#### MATERIAL PROVIDED:
----
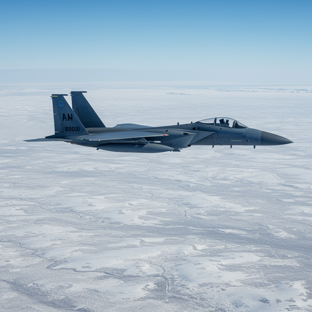 F-15S/MTD soaring gracefully over a vast, frozen tundra, its sleek frame cutting through the crisp Arctic air as the icy landscape below glimmers under the soft glow of the polar sunlight, casting long shadows over the endless expanse of snow and ice. The powerful fighter jet's engines leave a faint, swirling trail against the backdrop of a clear azure sky, merging the advanced marvel of modern aviation with the untouched serenity of the tundra.
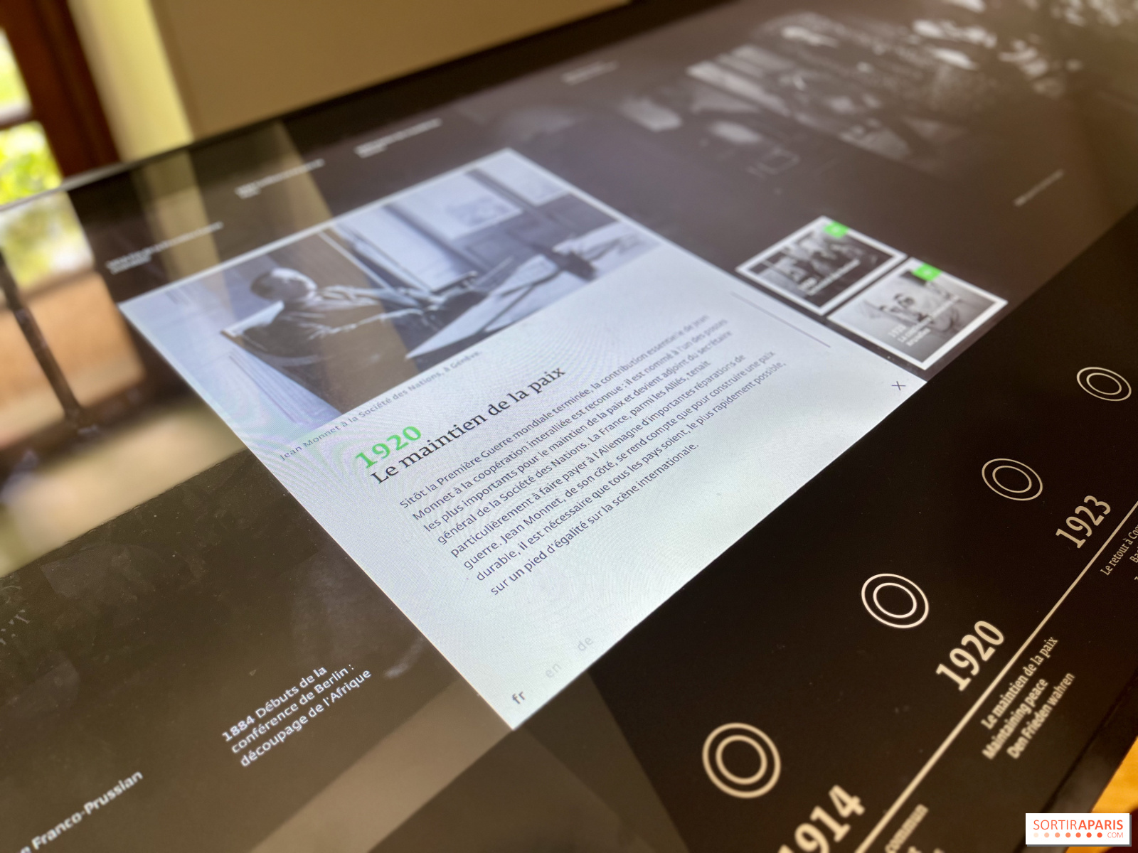 À l’étage, autrefois habité par ses filles, une exposition permanente retrace le parcours de Jean Monnet, depuis sa jeunesse dans une famille de négociants en cognac jusqu’à ses missions internationales pour la Société des Nations, en passant par ses années américaines.
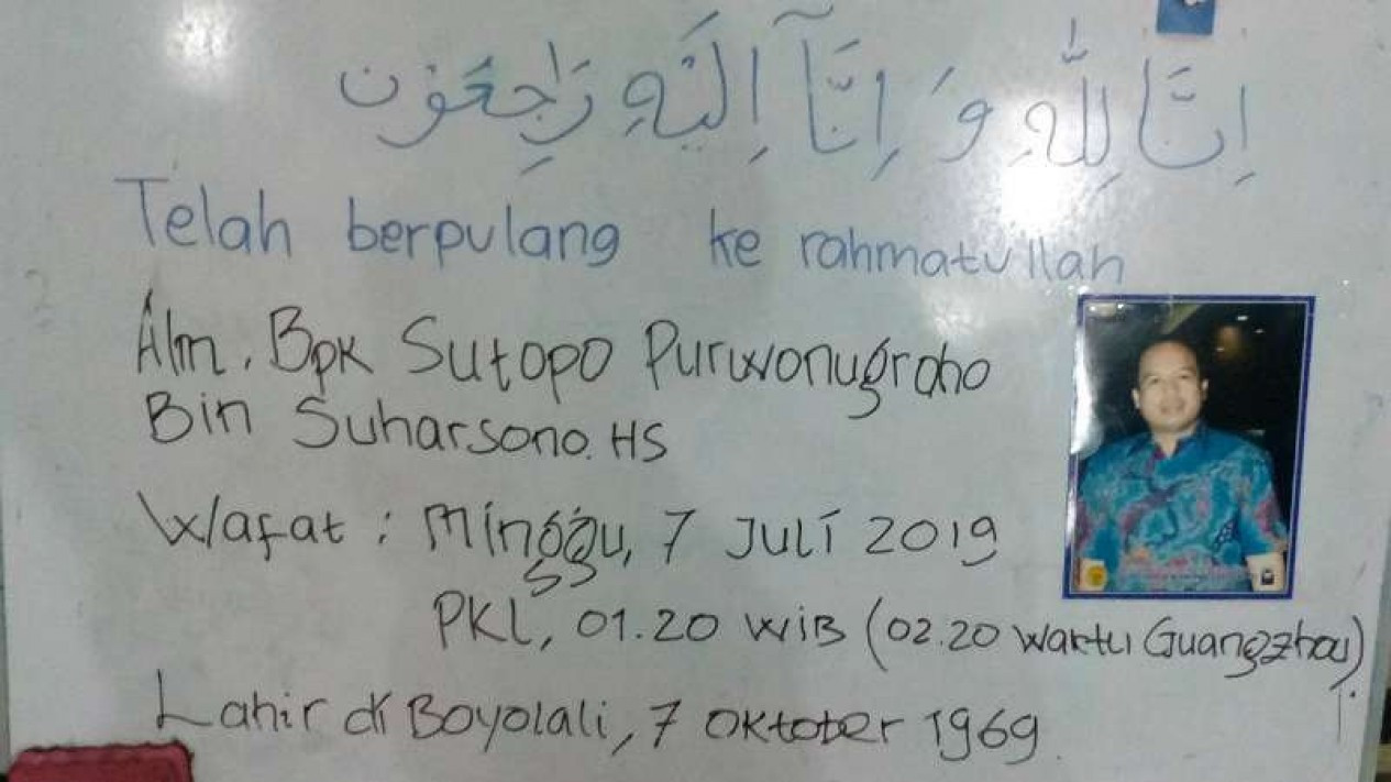 Untuk diketahui, Sutopo menghembuskan nafas terakhirnya pada Minggu dinihari pukul 2.20 waktu Guangzhou, China atau 01.00 WIB. Sutopo Purwo Nugroho Bin Suwarsono HS meninggal dunia akibat kanker paru-paru.
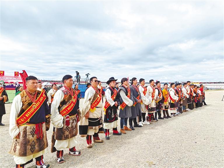 賽馬節(jié)期間,那曲市委、市政府對第二屆“鄉(xiāng)村振興 那曲奮進”活動市級決賽獲獎群眾代表進行隆重表彰。賽馬場內,男女老幼手捧哈達排起長隊,以草原人最熱烈喜慶的方式崇敬心中的“英雄”、歡送身邊的杰出勞動者。
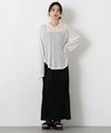 シアー素材で女性らしいのでマニッシュなスラックスをミックスさせたり、サテンやとろみのあるボトムで女性らしさをアップさせるのもオススメ。
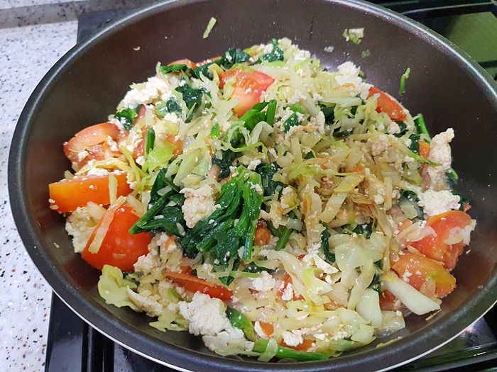 요즘 아침으로 많이들 해 드시는 채소로 만든 한 끼 간단하게 만들었어요. 예열된 후라이팬에 올리브오일을 넣고 먼저 양배추를 넣고 볶아 줍니다. 그 다음엔 시금치, 토마토 순으로 볶아요. 간을 할때는 소금으로 간단히 하면 되는데 전 간을 따로 하지 않고 굴소스 약간 넣었습니다.
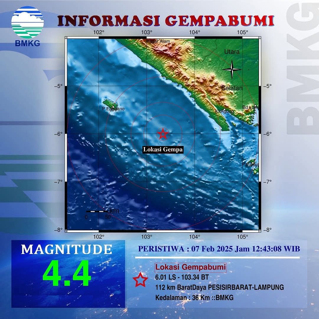 PESISIRBARAT – Gempa dengan kekuatan Magnitudo 4,4 mengguncang wilayah Pesisir Barat Lampung, Jumat 7 Februari 2025 pada Pukul 12.43 Wib.
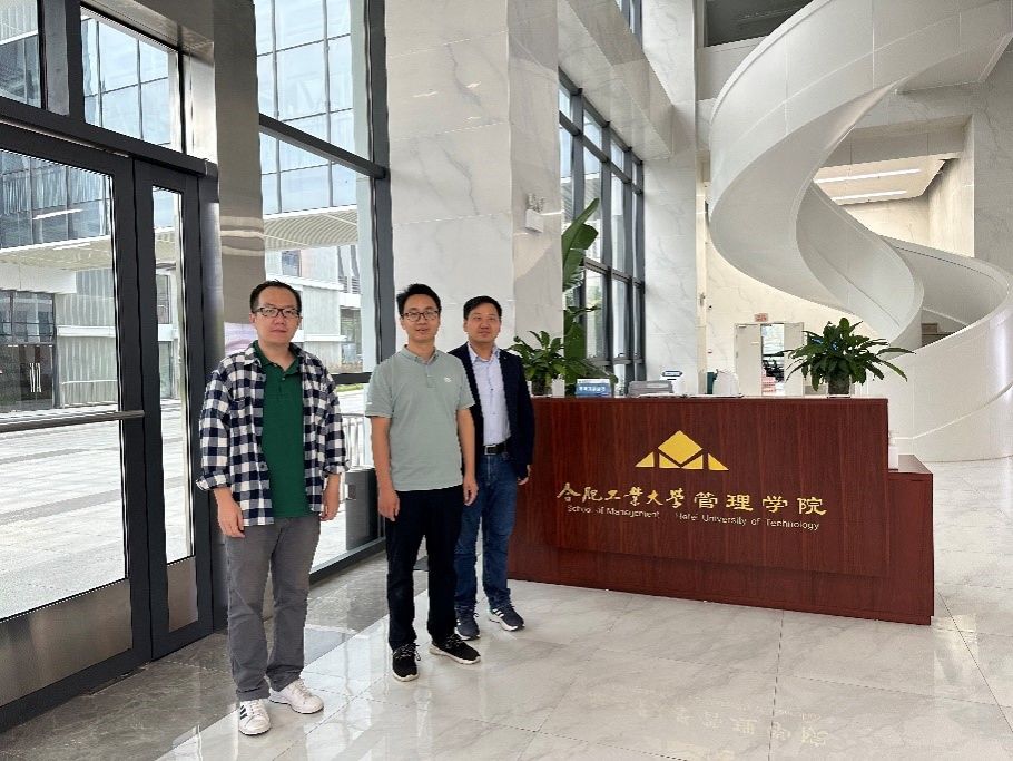2023年9月22日,必赢副院长龙建宇、工业工程系系主任张良伟、专任教师杨喆一行人前往合肥工业大学管理学院调研学习。我院教师一行实地参观了医疗机器人与智慧医疗健康管理、卫星智能运控管理、网络空间行为与管理、智能制造工程管理等国家级和省部级科研基地。随后,就一流专业建设、一流课程打造、人才培养、科研平台建设等方面内容与合肥工业大学管理学院老师进行了深入地交流和学习。
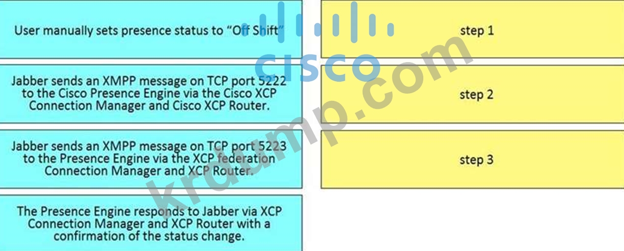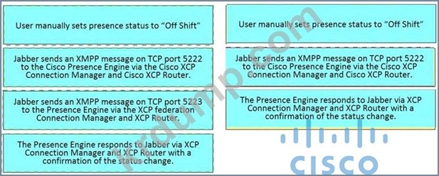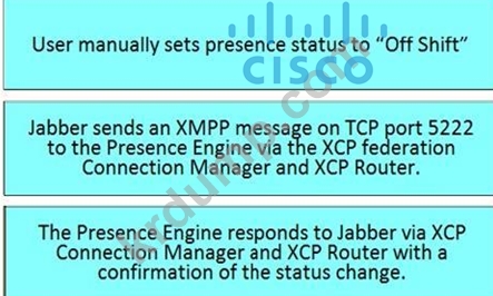 사용자가 Cisco Jabber에서 프레즌스 상태를 수동으로 설정할 때 프레즌스 업데이트 흐름을 설명하는 오른쪽의 올바른 순서로 왼쪽에서 단계를 끌어다 놓습니다. 모든 옵션이 사용되는 것은 아닙니다.
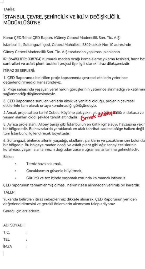 Altan, mahalle sakinlerini ÇED Raporu’nu incelemeye ve itiraz hakkını kullanmaya çağırdı.
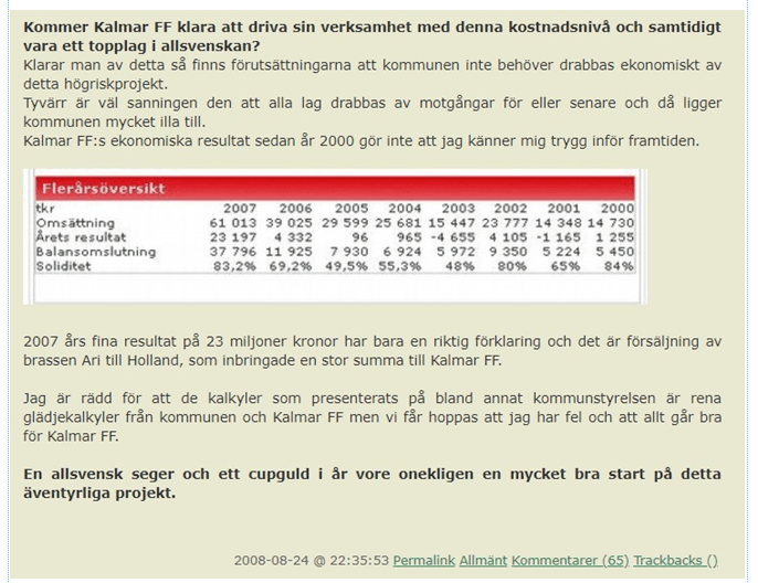 Som kommunpolitiker så handlar mitt ansvar i första hand om att kärnverksamheterna skall fungera och det med ett rimligt skatteuttag. Hela projektet med en ny arena såg jag som ett stort riskprojekt och jag var skeptisk till de kalkyler som presenterat av arbetsgruppen och av majoriteten genom kommunalrådet Johan Persson.
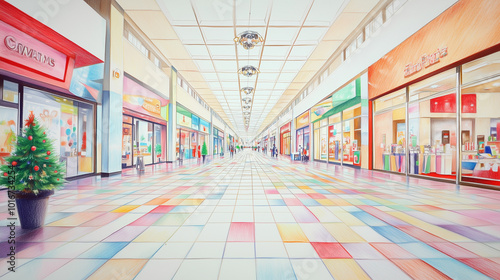 クリスマスツリーと広いショッピングセンター街の風景イラスト
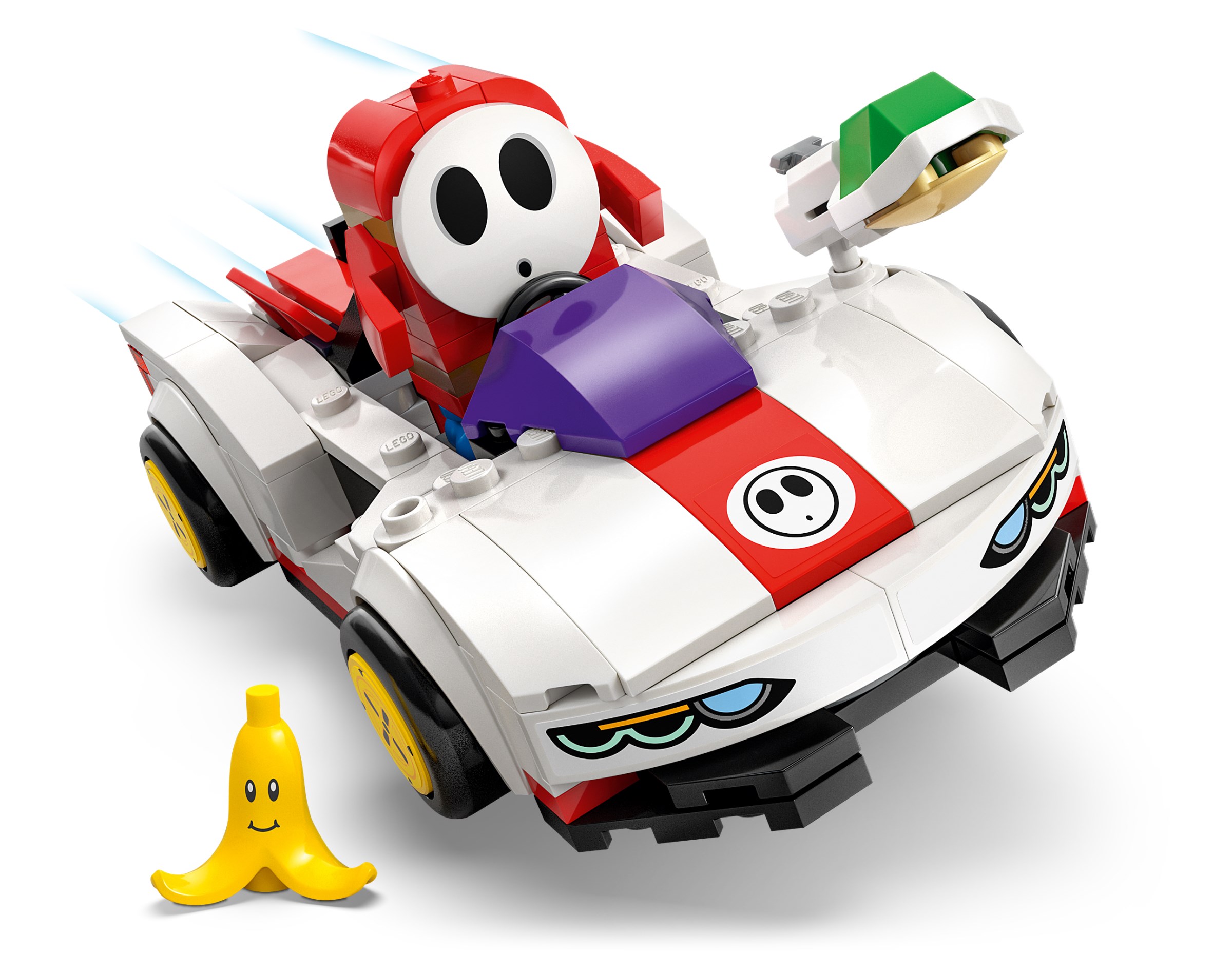 Drive, drift, glide, launch shells and more with this LEGO Super Mario: Mario Kart toy building set for kids (72045). A fun birthday gift idea for boys, girls and any gamers aged 7 years old and over, the set features a Shy Guy figure and a brick-built recreation of a P-Wing with a shell-launching function, Normal Wheels and a detachable Plane Glider. There is also a Banana element to throw at rival karts!
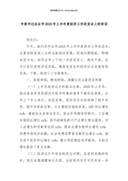 【七哥公文】2025年:【七哥公文】市委书记在全市2025年上半年度经济工作攻坚会上的讲话+更多免费公文+VX:QiGeGongWen2024+更多免费公文+VX:QiGeGongWen2024
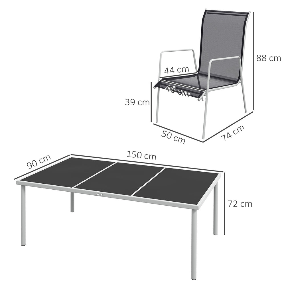 Questo set da esterno è l'ideale per godersi pasti all'aria aperta con amici e familiari. Comprende un tavolo con piano in vetro temperato e sei sedie impilabili con seduta in textilene. Ogni pezzo è realizzato con una struttura in acciaio verniciato a polvere, resistente e perfetta per l'uso esterno. È la soluzione ottimale per dare stile e praticità al tuo spazio all'aperto!
----
#### EXERCISE GOAL:
Set out the material once more, exact in every line, with no images.

#### ANSWER BOX:
 F-15S/MTD soaring gracefully over a vast, frozen tundra, its sleek frame cutting through the crisp Arctic air as the icy landscape below glimmers under the soft glow of the polar sunlight, casting long shadows over the endless expanse of snow and ice. The powerful fighter jet's engines leave a faint, swirling trail against the backdrop of a clear azure sky, merging the advanced marvel of modern aviation with the untouched serenity of the tundra.
 À l’étage, autrefois habité par ses filles, une exposition permanente retrace le parcours de Jean Monnet, depuis sa jeunesse dans une famille de négociants en cognac jusqu’à ses missions internationales pour la Société des Nations, en passant par ses années américaines.
 Untuk diketahui, Sutopo menghembuskan nafas terakhirnya pada Minggu dinihari pukul 2.20 waktu Guangzhou, China atau 01.00 WIB. Sutopo Purwo Nugroho Bin Suwarsono HS meninggal dunia akibat kanker paru-paru.
 賽馬節(jié)期間,那曲市委、市政府對第二屆“鄉(xiāng)村振興 那曲奮進”活動市級決賽獲獎群眾代表進行隆重表彰。賽馬場內,男女老幼手捧哈達排起長隊,以草原人最熱烈喜慶的方式崇敬心中的“英雄”、歡送身邊的杰出勞動者。
 シアー素材で女性らしいのでマニッシュなスラックスをミックスさせたり、サテンやとろみのあるボトムで女性らしさをアップさせるのもオススメ。
 요즘 아침으로 많이들 해 드시는 채소로 만든 한 끼 간단하게 만들었어요. 예열된 후라이팬에 올리브오일을 넣고 먼저 양배추를 넣고 볶아 줍니다. 그 다음엔 시금치, 토마토 순으로 볶아요. 간을 할때는 소금으로 간단히 하면 되는데 전 간을 따로 하지 않고 굴소스 약간 넣었습니다.
 PESISIRBARAT – Gempa dengan kekuatan Magnitudo 4,4 mengguncang wilayah Pesisir Barat Lampung, Jumat 7 Februari 2025 pada Pukul 12.43 Wib.
2023年9月22日,必赢副院长龙建宇、工业工程系系主任张良伟、专任教师杨喆一行人前往合肥工业大学管理学院调研学习。我院教师一行实地参观了医疗机器人与智慧医疗健康管理、卫星智能运控管理、网络空间行为与管理、智能制造工程管理等国家级和省部级科研基地。随后,就一流专业建设、一流课程打造、人才培养、科研平台建设等方面内容与合肥工业大学管理学院老师进行了深入地交流和学习。
 사용자가 Cisco Jabber에서 프레즌스 상태를 수동으로 설정할 때 프레즌스 업데이트 흐름을 설명하는 오른쪽의 올바른 순서로 왼쪽에서 단계를 끌어다 놓습니다. 모든 옵션이 사용되는 것은 아닙니다.
 Altan, mahalle sakinlerini ÇED Raporu’nu incelemeye ve itiraz hakkını kullanmaya çağırdı.
 Som kommunpolitiker så handlar mitt ansvar i första hand om att kärnverksamheterna skall fungera och det med ett rimligt skatteuttag. Hela projektet med en ny arena såg jag som ett stort riskprojekt och jag var skeptisk till de kalkyler som presenterat av arbetsgruppen och av majoriteten genom kommunalrådet Johan Persson.
 クリスマスツリーと広いショッピングセンター街の風景イラスト
 Drive, drift, glide, launch shells and more with this LEGO Super Mario: Mario Kart toy building set for kids (72045). A fun birthday gift idea for boys, girls and any gamers aged 7 years old and over, the set features a Shy Guy figure and a brick-built recreation of a P-Wing with a shell-launching function, Normal Wheels and a detachable Plane Glider. There is also a Banana element to throw at rival karts!
 【七哥公文】2025年:【七哥公文】市委书记在全市2025年上半年度经济工作攻坚会上的讲话+更多免费公文+VX:QiGeGongWen2024+更多免费公文+VX:QiGeGongWen2024
 Questo set da esterno è l'ideale per godersi pasti all'aria aperta con amici e familiari. Comprende un tavolo con piano in vetro temperato e sei sedie impilabili con seduta in textilene. Ogni pezzo è realizzato con una struttura in acciaio verniciato a polvere, resistente e perfetta per l'uso esterno. È la soluzione ottimale per dare stile e praticità al tuo spazio all'aperto!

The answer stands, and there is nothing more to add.